NevGen Genealogy Tools v1.1

It is about 20 months as NevGen YDNA Haplogroup Predictor started his life on internet, on www.nevgen.org. During that time, several people, mostly from universities across the world, asked us for desktop version. Also, some of them asked for batch capability, for quick processing of hundreds of haplotypes from academic works of different world populations. So, we decided to come in their way and release free desktop edition of predictor, with capability for Promega and YFiler sets of 23 or 17 markers, since most academic haplotype collections are done with that marker sets, together with batch processing capability.

First edition contains only haplogroup predictor, but soon it should contain several other tools, some for Y-DNA, some for autosomal data (that is why it is called "NevGen Genealogy Tools"). This tools have been written several years ago, some of them before predictor, but time is needed to prepare them for english-speaking world, with better translations and user manual. For now desktop program works in english language, soon we expect to be russian language too, as soon translation is finished.
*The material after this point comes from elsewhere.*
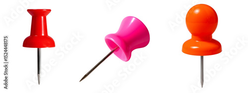 Three colorful push pins isolated on transparent background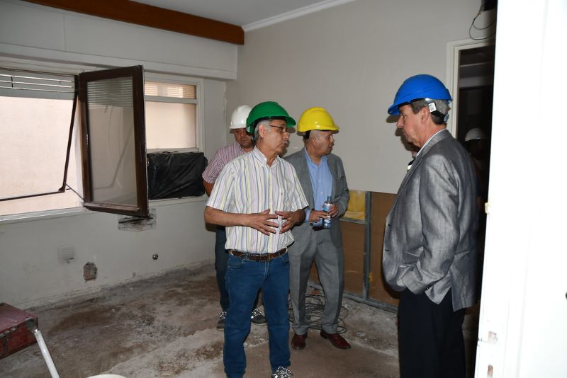Durante la visita a los trabajos, el vicegobernador y el secretario estuvieron acompañados por el ingeniero Jorge Vila y el arquitecto Abel Terranova, de la Dirección Técnica y Mantenimiento junto al ingeniero Carlos Eugenio Seguín a cargo de la dirección de la obra, quienes guiaron el recorrido, al tiempo que ofrecieron los detalles y explicaciones estrictamente técnicas acerca del nivel de intervención edilicia que está llevándose a cabo.

In future, another levels might be added to predictor's desktop edition, for now is only one available. Into available limited level for 23 markers could be entered other markers, but they shall be ignored.

Update of October 02, 2017. Now is available R1a Level in Predictor. Russian translation of program is here too. And, most important, "NevGen probability Calculator of Time to Most Recent Common Ancestor" is available to Genetic Genealogy community.

Update of January 15th, 2018. Now are available two newly added tools. First is "Viewer for Autosomal PCA charts", with calculated PCA Chart of Europe, Near East and North Africa (first four axis). Second is Autosomal Admixture Calculator.
Also is now available E Level in Predictor.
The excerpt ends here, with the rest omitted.